- **THE PROBLEM**
Give the number of lines in the data below that contain "tres", with no other words.

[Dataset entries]
——————

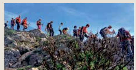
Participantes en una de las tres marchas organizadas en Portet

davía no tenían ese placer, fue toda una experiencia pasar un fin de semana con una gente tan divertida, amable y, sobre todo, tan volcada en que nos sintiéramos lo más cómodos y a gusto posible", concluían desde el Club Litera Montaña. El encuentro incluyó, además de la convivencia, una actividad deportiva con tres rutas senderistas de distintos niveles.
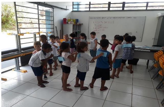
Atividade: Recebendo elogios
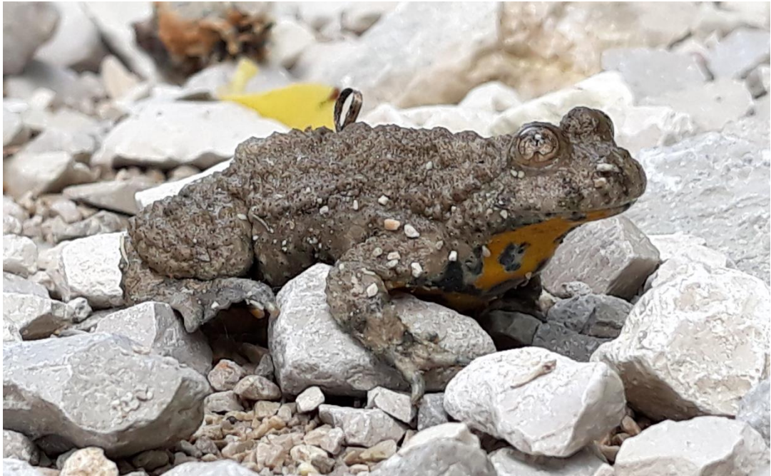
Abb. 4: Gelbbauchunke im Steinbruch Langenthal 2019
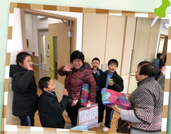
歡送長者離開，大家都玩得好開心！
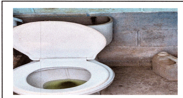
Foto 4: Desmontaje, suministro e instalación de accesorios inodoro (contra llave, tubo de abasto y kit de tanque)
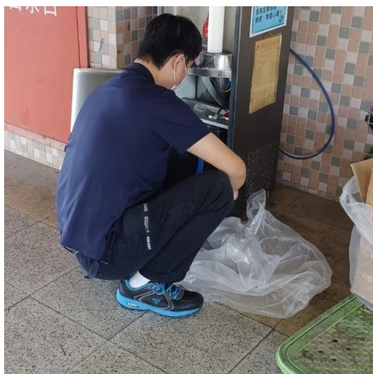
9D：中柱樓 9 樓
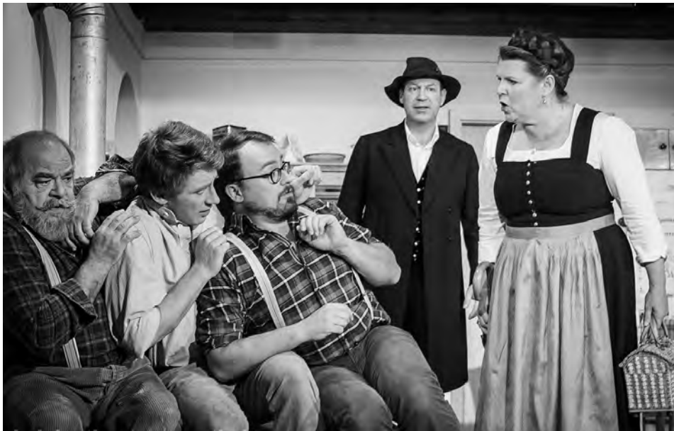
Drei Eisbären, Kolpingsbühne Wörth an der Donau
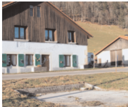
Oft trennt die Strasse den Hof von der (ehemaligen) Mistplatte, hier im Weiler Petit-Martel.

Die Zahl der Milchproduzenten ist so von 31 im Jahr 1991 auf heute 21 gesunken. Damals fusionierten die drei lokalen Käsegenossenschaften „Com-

——————

- **RESULT OF THIS EXERCISE**
2